----- Records

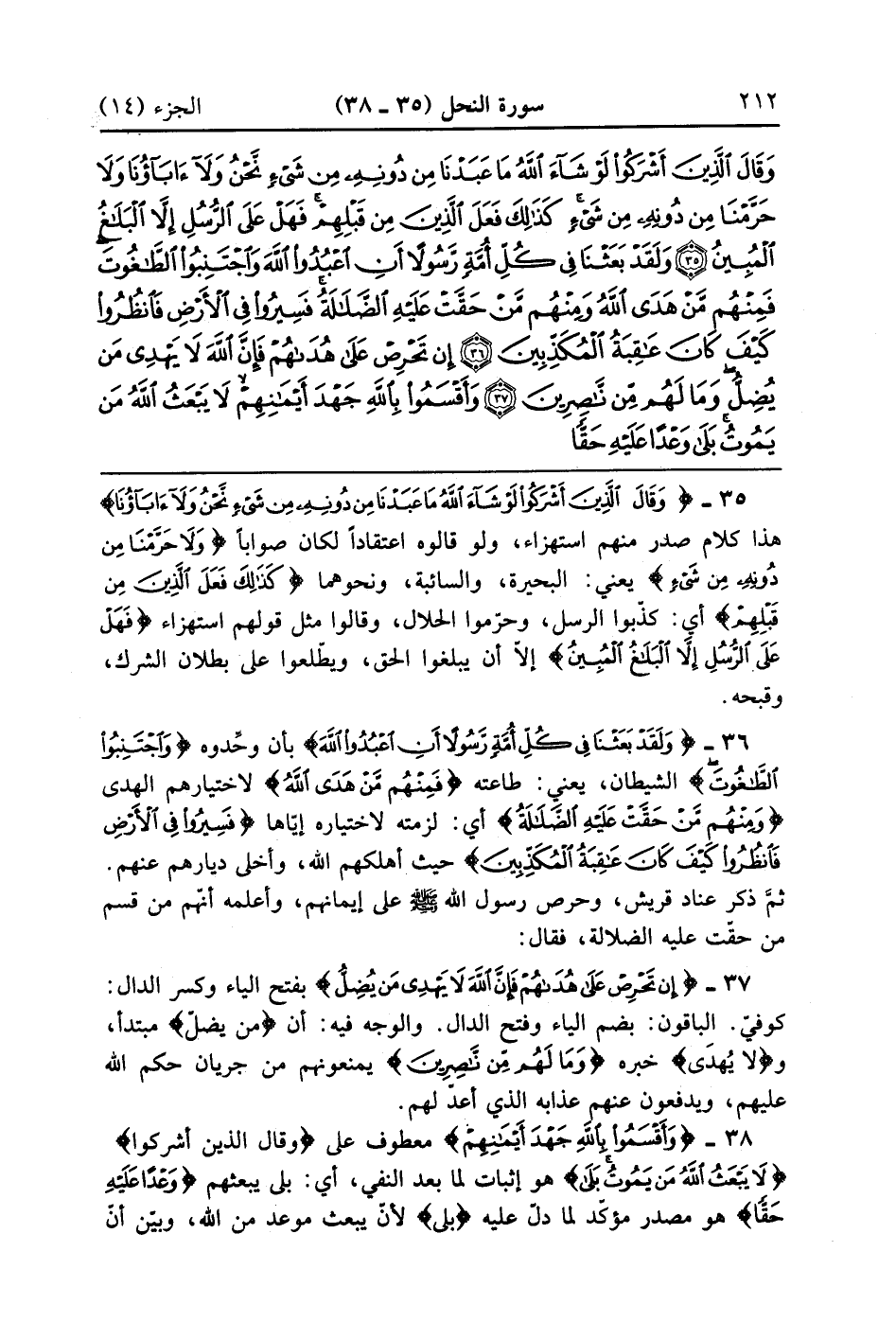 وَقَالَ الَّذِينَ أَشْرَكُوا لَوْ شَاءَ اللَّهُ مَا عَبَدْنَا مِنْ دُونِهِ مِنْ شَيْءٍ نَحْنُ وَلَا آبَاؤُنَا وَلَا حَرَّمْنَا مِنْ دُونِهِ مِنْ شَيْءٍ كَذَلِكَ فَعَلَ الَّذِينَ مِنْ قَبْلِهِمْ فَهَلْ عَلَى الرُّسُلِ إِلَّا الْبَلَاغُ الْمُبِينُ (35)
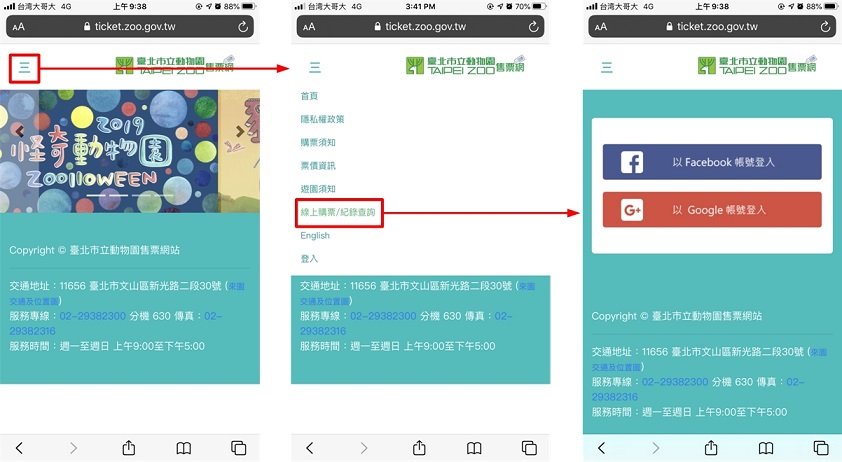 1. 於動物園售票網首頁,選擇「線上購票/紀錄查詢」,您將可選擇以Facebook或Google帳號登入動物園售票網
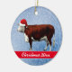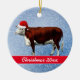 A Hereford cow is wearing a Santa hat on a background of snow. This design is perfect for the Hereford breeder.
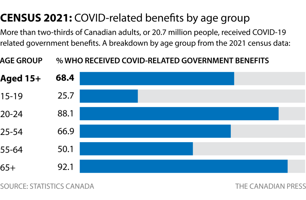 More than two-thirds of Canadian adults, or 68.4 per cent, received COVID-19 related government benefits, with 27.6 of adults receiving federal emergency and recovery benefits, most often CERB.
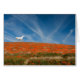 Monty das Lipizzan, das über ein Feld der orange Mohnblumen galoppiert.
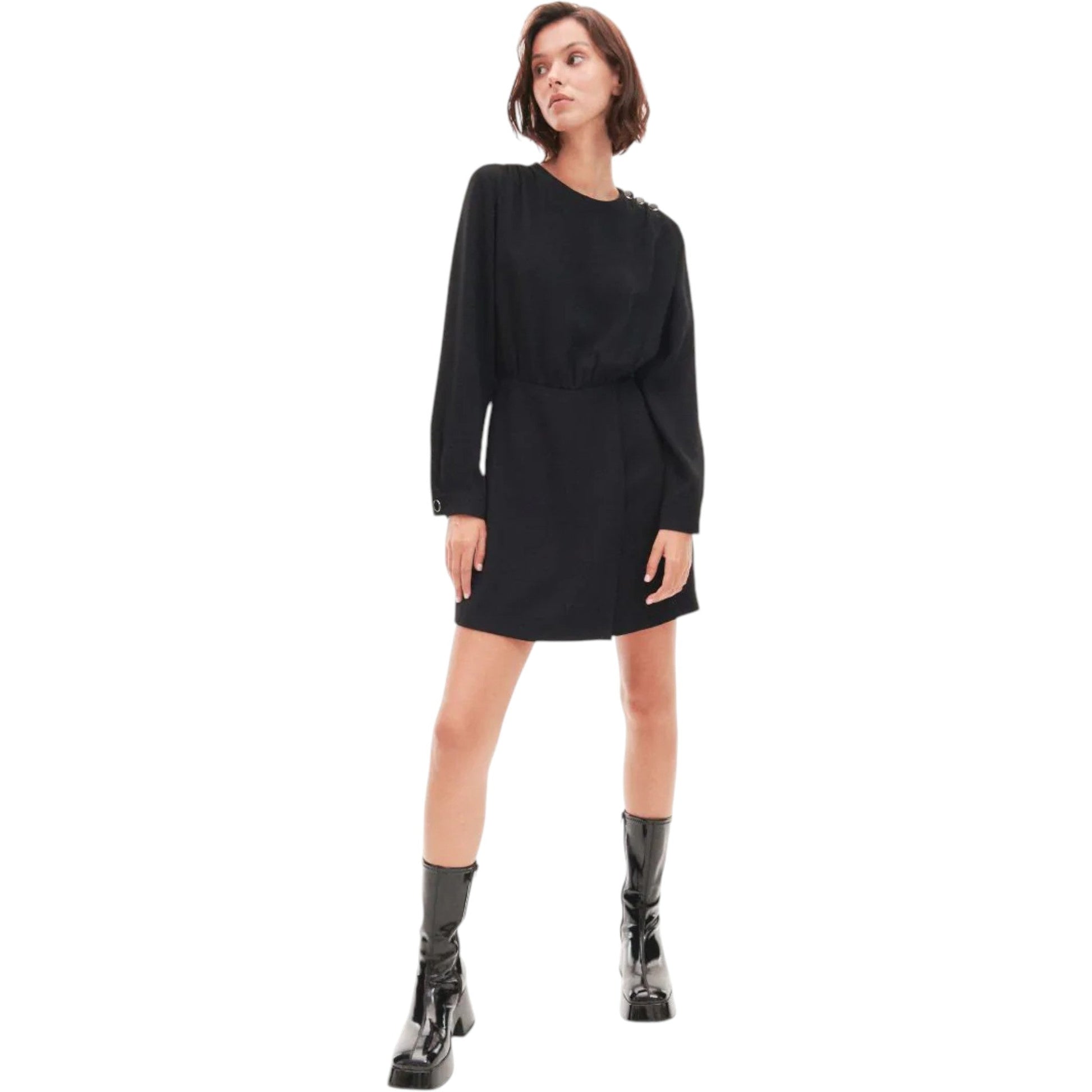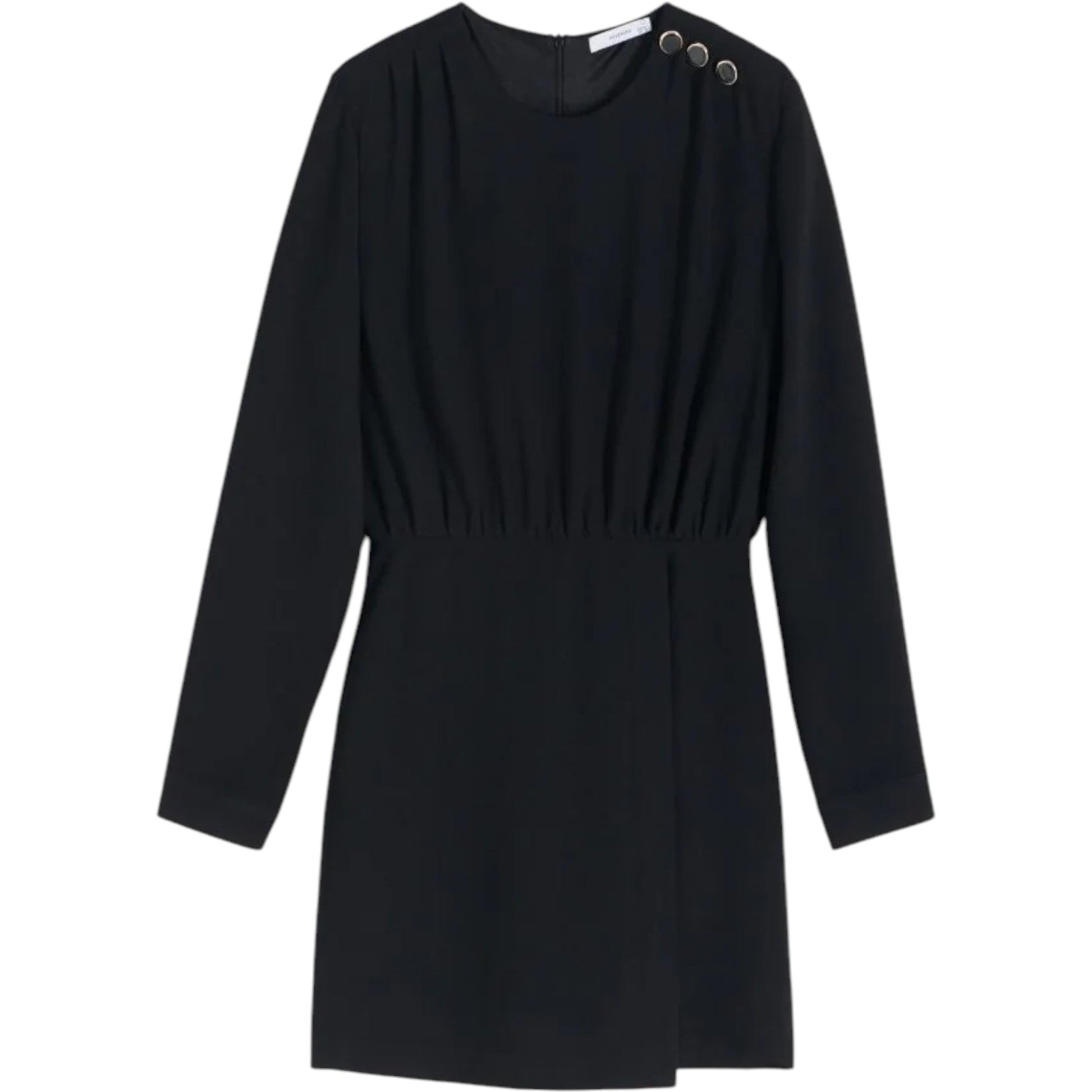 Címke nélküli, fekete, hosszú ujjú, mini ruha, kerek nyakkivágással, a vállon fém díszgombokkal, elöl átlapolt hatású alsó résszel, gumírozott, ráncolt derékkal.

----------

__What the task asks__
Output only the lines from the start of the data through the line that holds "A Hereford cow". Keep them exact and leave the pictures out.

__Response to the exercise__
 وَقَالَ الَّذِينَ أَشْرَكُوا لَوْ شَاءَ اللَّهُ مَا عَبَدْنَا مِنْ دُونِهِ مِنْ شَيْءٍ نَحْنُ وَلَا آبَاؤُنَا وَلَا حَرَّمْنَا مِنْ دُونِهِ مِنْ شَيْءٍ كَذَلِكَ فَعَلَ الَّذِينَ مِنْ قَبْلِهِمْ فَهَلْ عَلَى الرُّسُلِ إِلَّا الْبَلَاغُ الْمُبِينُ (35)
 1. 於動物園售票網首頁,選擇「線上購票/紀錄查詢」,您將可選擇以Facebook或Google帳號登入動物園售票網
 A Hereford cow is wearing a Santa hat on a background of snow. This design is perfect for the Hereford breeder.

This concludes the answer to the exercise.